Reproduced exactly, the lines from the start of the material through the line containing "上周美联储宣布新一轮大规模刺" should be the whole answer, with pictures excluded.

## PROVIDED DATA
....................

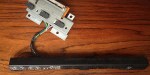 Sitting near the right side hinge and working with the damper arm and a large spring, the friction plate provides the dampened opening of the large metal lid.
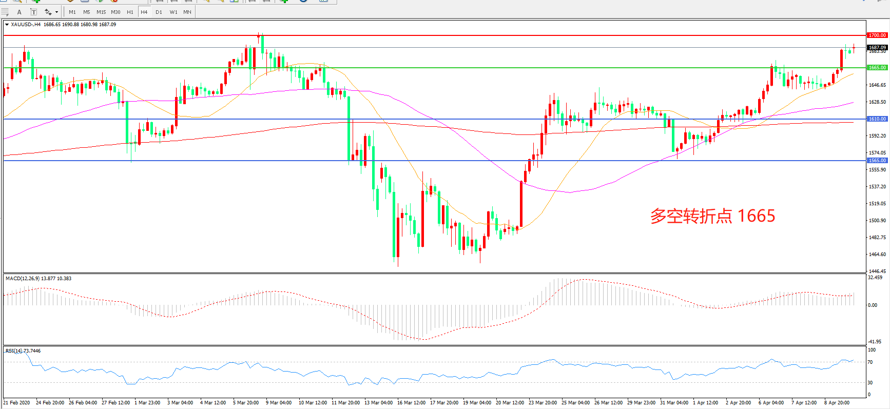 上周美联储宣布新一轮大规模刺激举措,且美联储主席鲍威尔讲话重申美联储将继续使用一切可用的工具来支持美国经济。美联储不断推出新的刺激手段,意味着通胀将会走高,对黄金是一大利好,周一(4月13日)凌晨,OPEC达成减产协议的消息一度提振市场,现货黄金突破1690美元后震荡回落,收报1686.18美元/盎司。
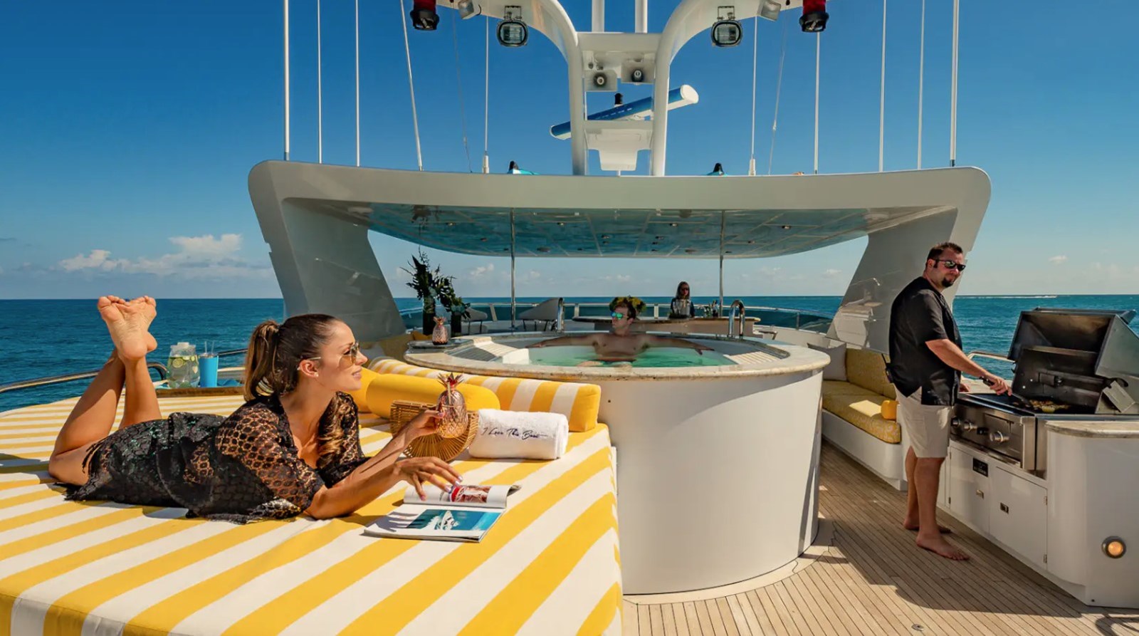 A favorite spot among charter guests is the yacht’s spectacular sundeck. Featuring a Jacuzzi, large sunpads and a bar with a frozen drink machine – the sundeck is the ultimate place to unwind. I LOVE THIS BOAT also offers a chic bi-level beach club where charter guests can lounge under umbrellas near the water’s edge and enjoy the yacht’s large array of water toys. For a more private retreat, guests can venture to I LOVE THIS BOAT’s bow and lounge on the sunpads while enjoying the surroundings.
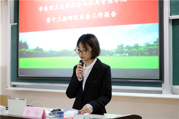 伴随着嘹亮的国歌声,换届选举大会正式开始。第十三届研会主席曾怡向与会领导与代表作了主题为“不忘初心,方得始终”的2017-2018年度工作总结报告。曾怡回顾了这一年研会在学术工作、娱乐休闲活动和委员提案等三个方面中所取得的成绩,并预祝本次换届选举大会圆满成功。工作总结报告获得了全体与会代表的举手通过。

....................

## WRITTEN SOLUTION
 Sitting near the right side hinge and working with the damper arm and a large spring, the friction plate provides the dampened opening of the large metal lid.
 上周美联储宣布新一轮大规模刺激举措,且美联储主席鲍威尔讲话重申美联储将继续使用一切可用的工具来支持美国经济。美联储不断推出新的刺激手段,意味着通胀将会走高,对黄金是一大利好,周一(4月13日)凌晨,OPEC达成减产协议的消息一度提振市场,现货黄金突破1690美元后震荡回落,收报1686.18美元/盎司。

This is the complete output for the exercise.